Mammography is sufficient to predict breast cancer risk in women aged ≥ 60, but in younger women, combining mammography and genetic testing improves the assessment, according to a retrospective case-control study published in Proceedings of AMIA Joint Summits on Translational Science. “Understanding the predictive power of imaging features and genetic variants in different age groups has the potential to aid clinicians in determining what tests can be used to improve information about the likelihood of malignancy,” said the authors.
The investigators developed logistic regression-based predictive models that compared diagnostic mammography results, selected genetic variants (low-penetrance single-nucleotide polymorphisms [SNPs]), and a combination of the two tests in women aged ≥ 60 and women < 60.
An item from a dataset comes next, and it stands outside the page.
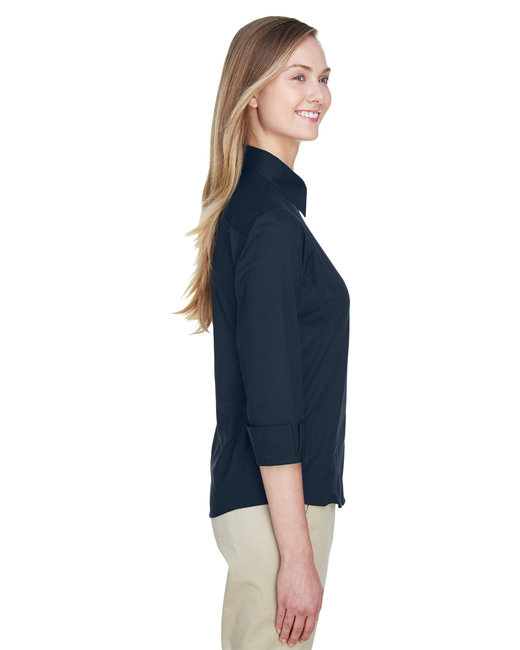 3.7 oz.; 97% cotton; 3% spandex; Classic feminine shape for a flattering fit; Fine stitching throughout; Delicate; pearlized buttons on front placket; Back yoke; Princess seams; Bust darts; Three-quarter sleeves with fold-up cuff detail;

The researchers used data from women enrolled in the Marshfield Clinic Personalized Medicine Research Project (Marshfield PRMP) in Marshfield, Wisconsin. These women had provided a blood sample for genetic testing, answered a brief survey, and given consent for their results to be linked to their medical record. Women who had also undergone diagnostic mammography for breast cancer, had a breast cancer biopsy within a year of the mammogram, and had provided a blood sample that could be analyzed for breast cancer risk were included in the study. Women with a confirmed diagnosis of breast cancer served as cases. Controls had a benign breast biopsy and did not have a breast cancer diagnosis. The cases and controls were age-matched within 5 years of one another. Subjects who had known BRCA1 or BRAC2 mutations, non-white patients, and cases where Breast Cancer Imaging Reporting and Data System (BI-RADS) features were unavailable were excluded.
A total of 738 women aged 29 to 90 (mean age 62) were included in the analysis. The researchers chose one diagnostic mammogram to analyze for each case and each control and found that among women ≥ 60, mammography (area under the curve [AUC] = 0.744, 95% CI = 0.740-0.748) predicted breast cancer risk better than genetic testing alone (AUC = 0.540, 95% CI = 0.532-0.549) or genetic testing combined with mammography (AUC = 0.713, 95% CI =0.705-0.720). The results were both statistically and clinically significant. In women < 60, however, the combined model yielded the most statistically significant predictive results (AUC = 0.724, 95% CI = 0.718-0.731) compared to either mammography alone (AUC = 0.690, 95% CI = 0.686-0.695) or genetic testing alone (AUC = 0.696, 95% CI = 0.692-0.700). This makes sense, according to the authors, since younger women who develop breast cancer are more likely to have a genetic propensity to the disease than are older women. They also noted that genome-wide association studies have allowed for identification of less-well-known, low-penetrance SNPs that are associated with breast cancer risk, in addition to being linked to early-onset disease and poorer prognosis.
The study expands on previous research about the utility of using patient demographics and different tests to analyze breast cancer risk, as well as utilizing SNPs to stratify risk.
The study was limited by a relatively small sample size, which required the researchers to include data from 1989 to 2010 to enroll a sufficient number of cases and controls. There was also a lack of non-Caucasian women among the cases and controls; this was because there were not enough women of other races included in the registry who were eligible for the study, but it limits the ability to generalize the results to other racial and ethnic groups. The researchers also noted that the BI-RADS lexicon has evolved over and since the study period, leading to a possible underestimation of the benefit of mammography alone.